Sanders, who has described himself as a “Democratic socialist” in the past, kicked off his Democratic presidential campaign with a shindig on the shore of Lake Champlain. Ben & Jerry’s founders — who are Sanders supporters — were on hand, as was free ice cream. The event, which also included live music, is Sanders’ way of “trying to demonstrate he can mount a plausible campaign for the presidency without wooing the billionaires,” Russell Berman wrote in the Atlantic.

But I’d argue that the laid-back, grassroots launch was about more than fundraising. It also reflects Sanders’ platform-for-the-people. Like O’Malley, Sanders appeals to Democrats looking for something to the left of Hillary. But Sanders is doing better in the polls than O’Malley and has managed to raise a nothing-to-sneeze-at $15 million for his campaign.

Here’s where Sanders stands on the issues:
Sanders argues, correctly, that the American people are standing at a crossroads. We must choose between continuing “the 40-year decline of our middle class” and growing inequality versus fighting “for a progressive economic agenda that creates jobs, raises wages, protects the environment, and provides health care for all.” To stop the country’s “slide into economic and political oligarchy,” Sanders has proposed campaign finance reform through, among other things, supporting a constitutional amendment.

Sanders points out that not only is the gap between the rich and the rest of us growing but unemployment is higher than the official numbers.
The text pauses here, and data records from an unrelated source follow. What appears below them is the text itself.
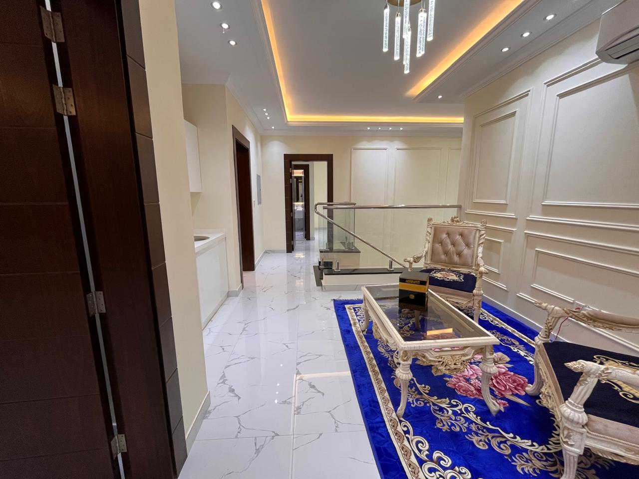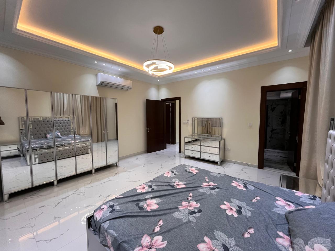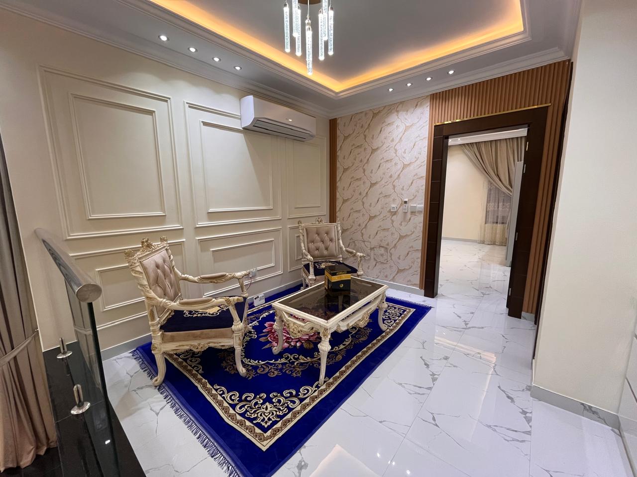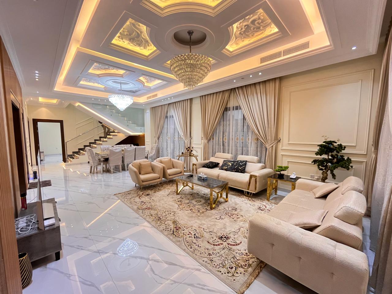 The villa features a large central air-conditioned hall and a separate majlis, both designed for family living and guest hosting. It includes a big kitchen, maid's room, multiple bathrooms, and two-storey layouts, making it suitable for large households.
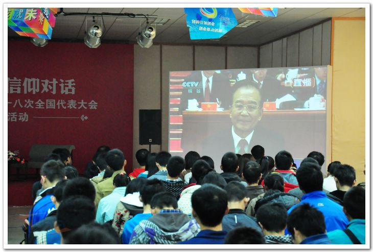 在大会直播过程中,同学们认真观看、聆听、学习胡锦涛总书记的报告,现场不时发出热烈的掌声。直播现场一侧的#青春向党 铭记一句话#微博墙实时更新着同学们对十八大的期望和祝福:“十年一眨眼,在我成长的同时,也见证着祖国日新月异的变化”;“中国特色社会主义伟大事业是面向未来的事业,需要我们一代又一代有志青年不懈奋斗。”“祝党的十八大圆满召开,祝人民越来越幸福”;一条条微博跃然屏幕,ac米兰的青年学子用青春时尚的方式表达着浓浓的爱国爱党之情。
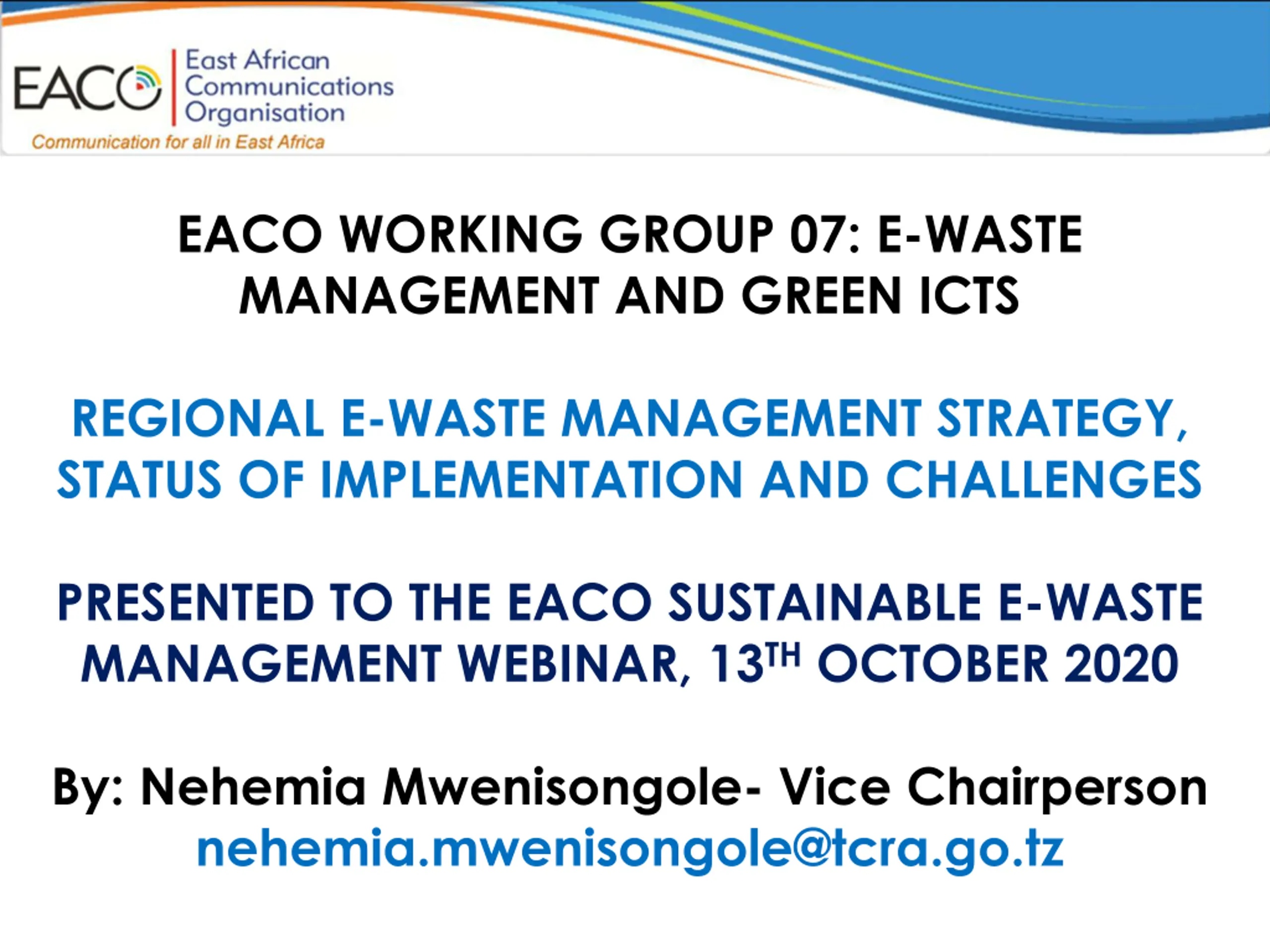 EACO WORKING GROUP 07: E-WASTE MANAGEMENT AND GREEN ICTS REGIONAL E-WASTE MANAGEMENT STRATEGY, STATUS OF IMPLEMENTATION AND CHALLENGES PRESENTED TO THE EACO SUSTAINABLE E-WASTE MANAGEMENT WEBINAR, 13THOCTOBER 2020 By: Nehemia Mwenisongole- Vice Chairperson nehemia.mwenisongole@tcra.go.tz
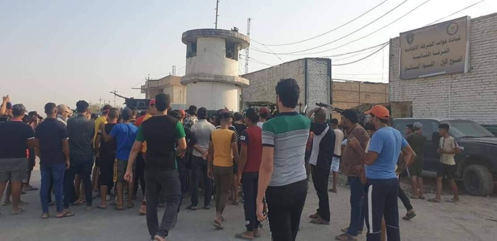 On August 13th, Huriyat News posted a photo of Baghdad residents who were affected by the event reportedly protesting for the removal and transfer of the Al Saqar base.
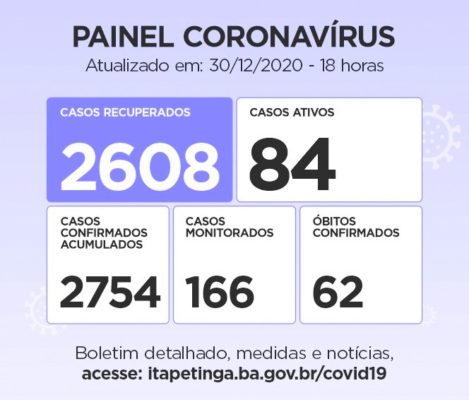 O Painel Coronavírus para esta quinta-feira ficou assim: Casos Confirmados: 2.754 (acumulados desde o início da pandemia), mas no MAPA da COVID-19 da Sesab, Itapetinga aparece com 2.810 Casos Confirmados. Casos Ativos: 84. Casos Recuperados: 2.608 / Monitorados: 166 / Óbitos: 66 - com a inclusão dos últimos dois casos da sexta-feira de Natal.
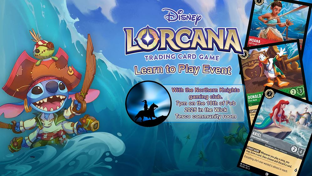 I like events where we can all play the same game. We’ve done it before with Keyforge, Ticket to Ride, and the DC Comics Deckbuilding Game. We keep threatening to do it with Clank, too. On the 18th of February, we’re doing an evening session to learn to play Lorcana.

To combat this, he has supported an increase in the minimum wage and “opposed NAFTA… permanent normal trade relations with China… and other free trade agreements” because they take jobs away from Americans. Along with U.S. Congressman John Conyers Jr. (D-Michigan), Sanders sponsored the Employ Young Americans bill, which would see billions of dollars allocated to vocational training and jobs for youth.
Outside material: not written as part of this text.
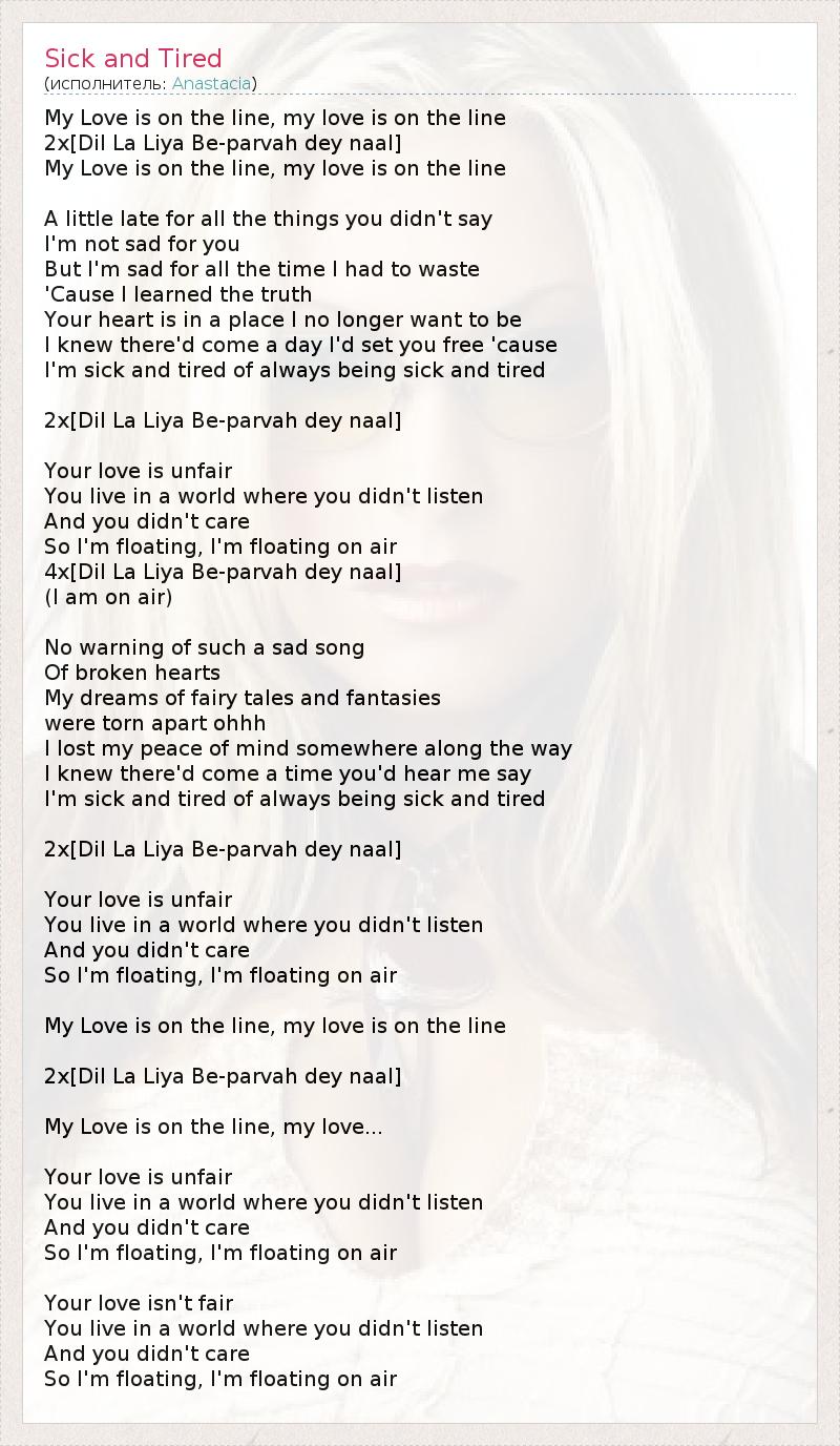 My Love is on the line, my love is on the line 2x[Dil La Liya Be-parvah dey naal] My Love is on the line, my love is on the line A little late for all the things you didn't say I'm not sad for you But I'm sad for all the time I had to waste 'Cause I learned the truth Your heart is in a place I no longer want to be I knew there'd come a day I'd set you free 'cause I'm sick and tired of always being sick and tired 2x[Dil La Liya Be-parvah dey naal] Your love is unfair You live in a world where you didn't listen And you didn't care So I'm floating, I'm floating on air 4x[Dil La Liya Be-parvah dey naal] (I am on air) No warning of such a sad song Of broken hearts My dreams of fairy tales and fantasies were torn apart ohhh I lost my peace of mind somewhere along the way I knew there'd come a time you'd hear me say I'm sick and tired of always being sick and tired 2x[Dil La Liya Be-parvah dey naal] Your love is unfair You live in a world where you didn't listen And you didn't care So I'm floating, I'm floating on air My Love is on the line, my love is on the line 2x[Dil La Liya Be-parvah dey naal] My Love is on the line, my love... Your love is unfair You live in a world where you didn't listen And you didn't care So I'm floating, I'm floating on air Your love isn't fair You live in a world where you didn't listen And you didn't care So I'm floating, I'm floating on air
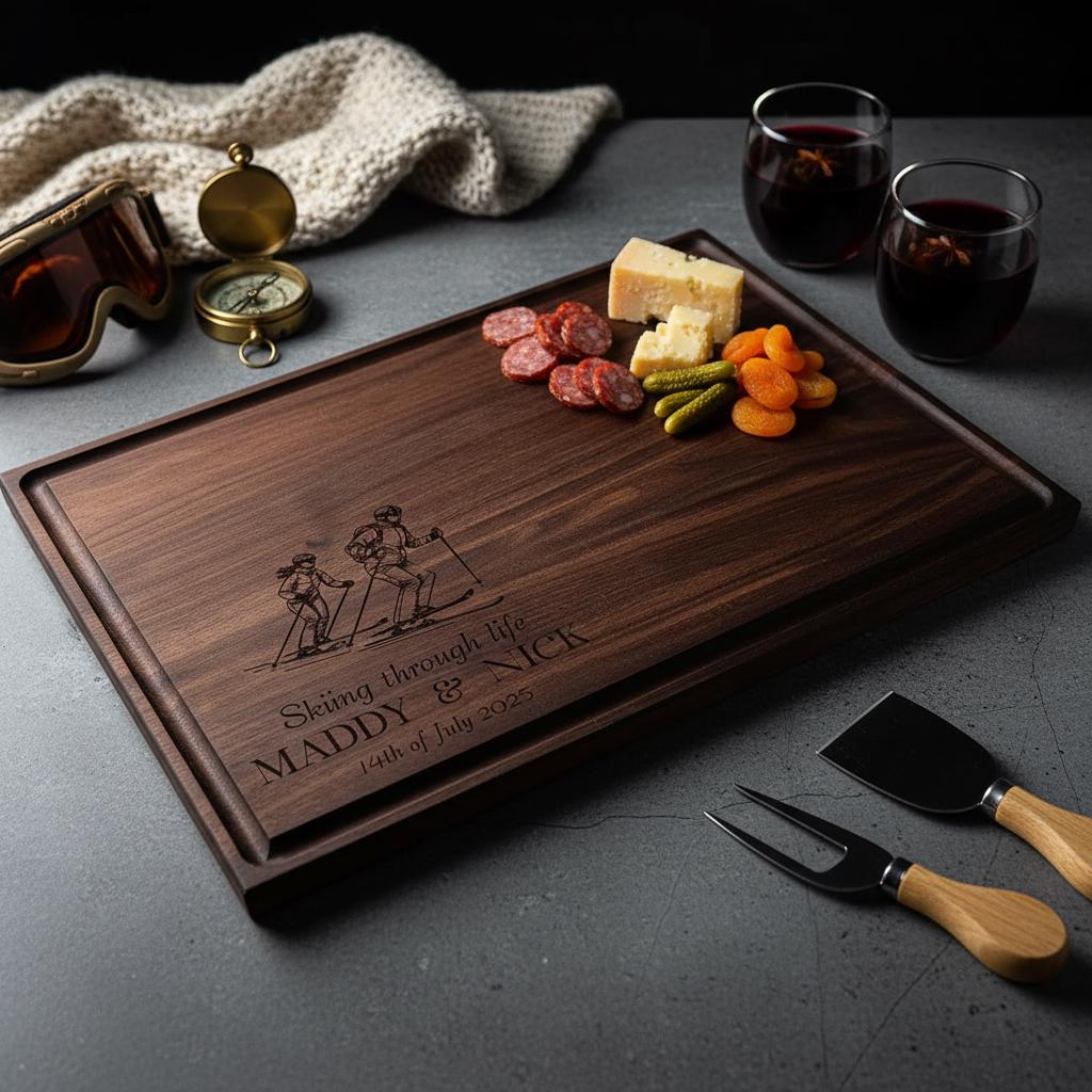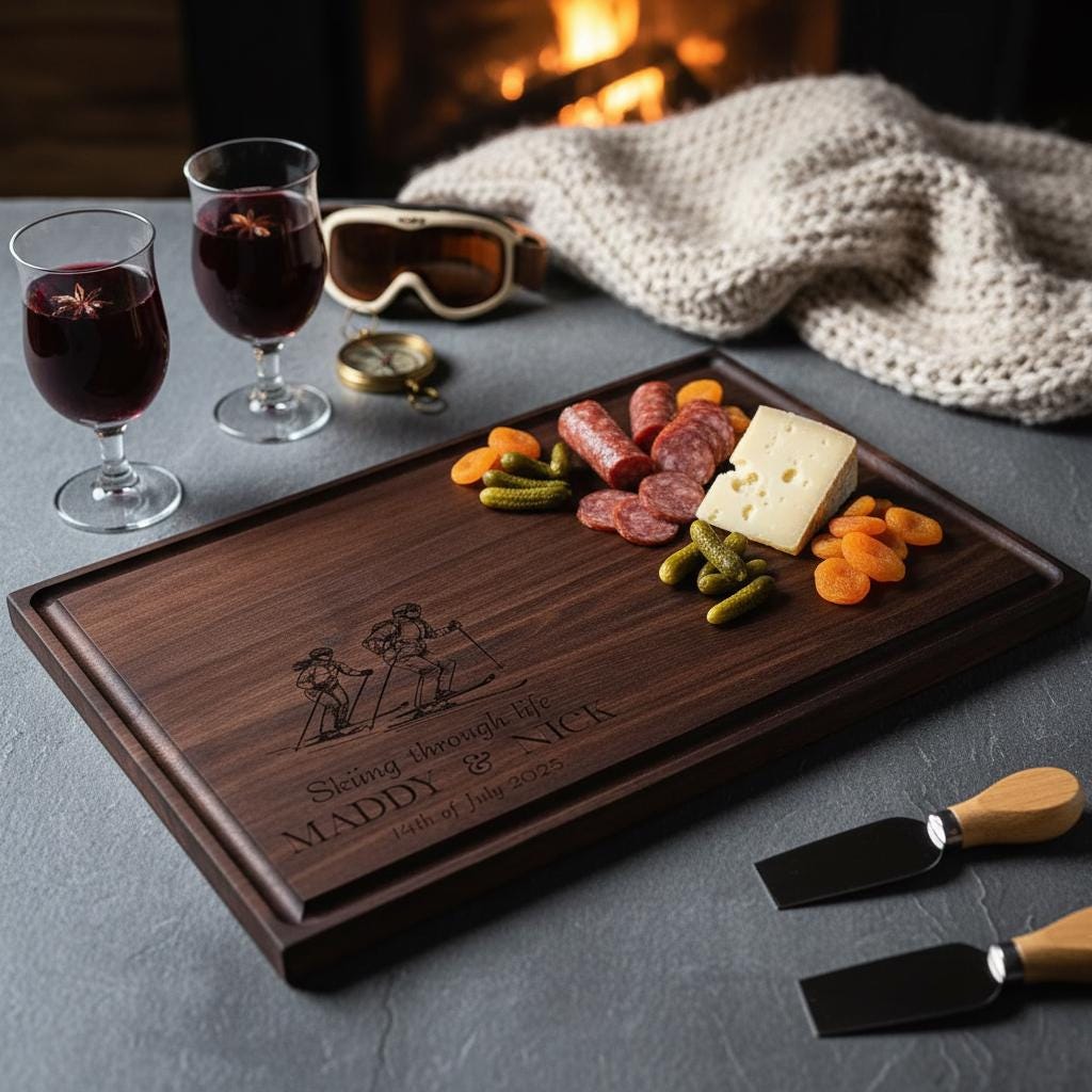 Personalized Cutting Board – Skiing Couple: Custom Engraved Charcuterie Board, Housewarming, Winter Kitchen Decor, Gift for The Couple

Sanders wants to keep combating climate change; he also seeks to continue protecting workers’ rights to paid family leave, paid vacations, and paid sick time.

It’s worth noting that while O’Malley’s platform focuses on what he will do, Sanders’ website is cleverly written in the past tense — emphasizing what he’s already done in D.C. to begin addressing all of these issues.
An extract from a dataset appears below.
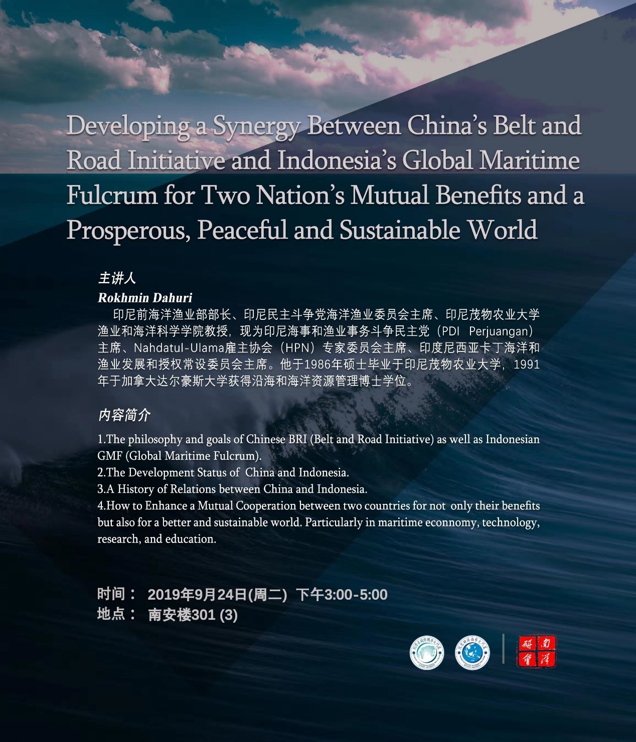 2019年9月24日下午,在我院301(3)教室,印尼前海洋渔业部部长、茂物农业大学渔业和海洋科学学院Rokhmin Dahuri教授为我院师生作了一场题为“Developing a Synergy Between China’s Belt and Road Initiative and Indonesia’s Global Maritime Fulcrum for Two Nation’s Mutual Benefits and a Prosperous, Peaceful and Sustainable World”的专题讲座。此次讲座由印尼研究中心协办,讲座围绕世界经济和人类文明的历史发展、全球化时代面临的问题和挑战、中国与印尼的关系史、中国的“一带一路”倡议、印尼的全球海洋支点战略构想等八个专题展开。在Rokhmin Dahuri教授发言完毕后,现场师生展开积极讨论,大家踊跃发言,气氛热烈。最后,印尼研究中心教授、我院副院长吴崇伯老师代表我院和印尼研究中心向Rokhmin Dahuri教授赠礼致谢。
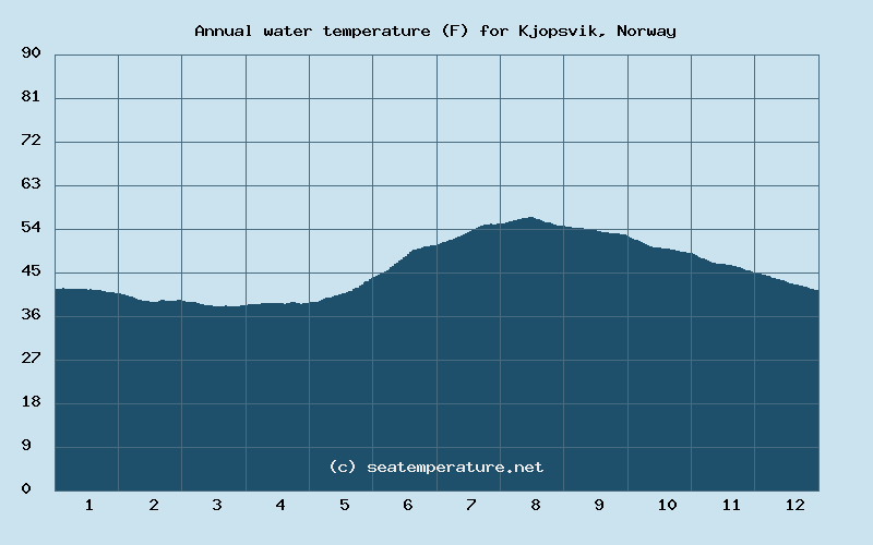 The water temperature in the Norwegian Sea in Kjopsvik during the summer ranges from 5°C to 16°C (41°F to 61°F).

Major donors: The American people. Ten million dollars of Sanders’ campaign funds have come from small contributions of less than $200.

Ben Carson
As an African-American, some commentators will try to draw parallels between Republican candidate Ben Carson and President Barack Obama. But they’ll be hard-pressed to find many parallels, professionally or politically. While Obama was a senator when he ran for president, this is neurosurgeon and writer Ben Carson’s first step into politics — that is, besides his sharp words at a 2013 National Prayer Breakfast.

Carson’s website trumpets his humble upbringing. A native of Detroit, Michigan, Carson grew up in poverty, raised by a single mother who didn’t finish elementary school. But it’s a pull-yourself-up-by-your-bootstraps tale: Carson worked hard in school, got good grades, and went on to Yale University. Later, he attended the University of Michigan School of Medicine and did his residency at Johns Hopkins. The American dream.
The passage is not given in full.